Now, perhaps the single most continuous thread in modern Jewish political history has been the effort to create a viable Diaspora identity. Indeed, Zionism itself emerged as the judgment of a small minority of Jews that the conditions for such an identity did not and could not exist in the West. But one thing that can be said indisputably about that small group of Jews is that they did not wish to dominate others; they simply wished to cease being dominated and/or pressured into assimilation.

The vast majority of European Jewry, however, resisted the Zionist conclusion, insisting instead on the viability of the Diaspora—despite the anti-Semites, despite the Dreyfus Affair, despite ever-mounting evidence that European nationalism would not tolerate the presence of Jews and/or that Jews could not maintain their cultural distinctiveness under modern European conditions. It took, in our own century, extraordinary genocidal violence to impel large numbers of Jews to question this cherished mode of existence.

Yet in Boyarin’s fantasy of history, the modern Diaspora has been free of anti-Jewish violence, as free, presumably, as was the ancient world. He can thus construct a modern Jewish identity in which Jews will be at one and the same time Jewish and anything else they wish to be: “In the morning I may go to the synagogue, and in the evening to hear Emmylou Harris.” The only thing standing in the way of this lovely idyll is Zionism, the aggressive, racist, hegemonic “discourse” that is so at odds with the benign, nonhegemonic “discourse” of the rabbis.

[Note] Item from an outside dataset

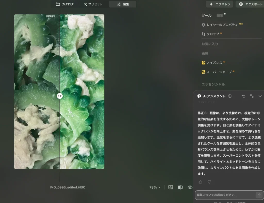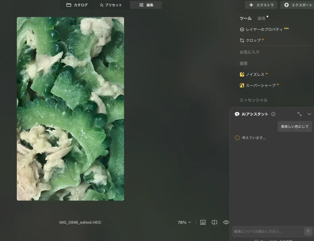 私の料理写真を題材に「テキストコマンド」で画像調整

If the problem, then, is “territorialization,” the solution is “self-deterritorialization.” For “that which would be racism in the hands of a dominating group is resistance in the hands of a subaltern collective.” True to his brand of universalism, Boyarin assures us that ideally he would like all humanity to share this subaltern status—whatever that might mean. (“What I wish to struggle for theoretically is a notion of identity in which there are only slaves but no masters . . .”) But as a practical matter, he seems to think the obligation falls only on the Jews; they alone are commanded to seek a return to the condition of which Zionism and the state of Israel have robbed them. And, since the world will no doubt continue to house not just the dominated of the earth but the dominating as well, presumably they alone will also be expected to suffer the consequences.



I indicated earlier that Boyarin’s thought is rooted in, and has thoroughly internalized, certain self-serving, anti-Jewish strains in early Christian discourse concerning the Jews—yet another demonstration of the uncanny affinity between postmodernism and premodernism (but that is another story). In this mindset, Jewish exclusivism is racist and ethnocentric while the exclusivisms of others go unrecognized, legitimized, or celebrated for their “universalism.” As for Boyarin’s supposedly vanguard notion that Jews must be “subaltern,” this again resembles nothing so much as Augustine’s prescription for Jewish subordination. Finally, in putting his demand for abstract moral purity above the concrete needs of real Jews, Boyarin edges close to the mentality of those who, in other days, would burn bodies to save souls.

Horribly misguided though such people were, however, at least we can say of them that they were trying to save those souls. Boyarin has improved on the old model, being prepared to dispose of the bodies of his fellow Jews in order to save his own soul. In this, too, he is thoroughly postmodern.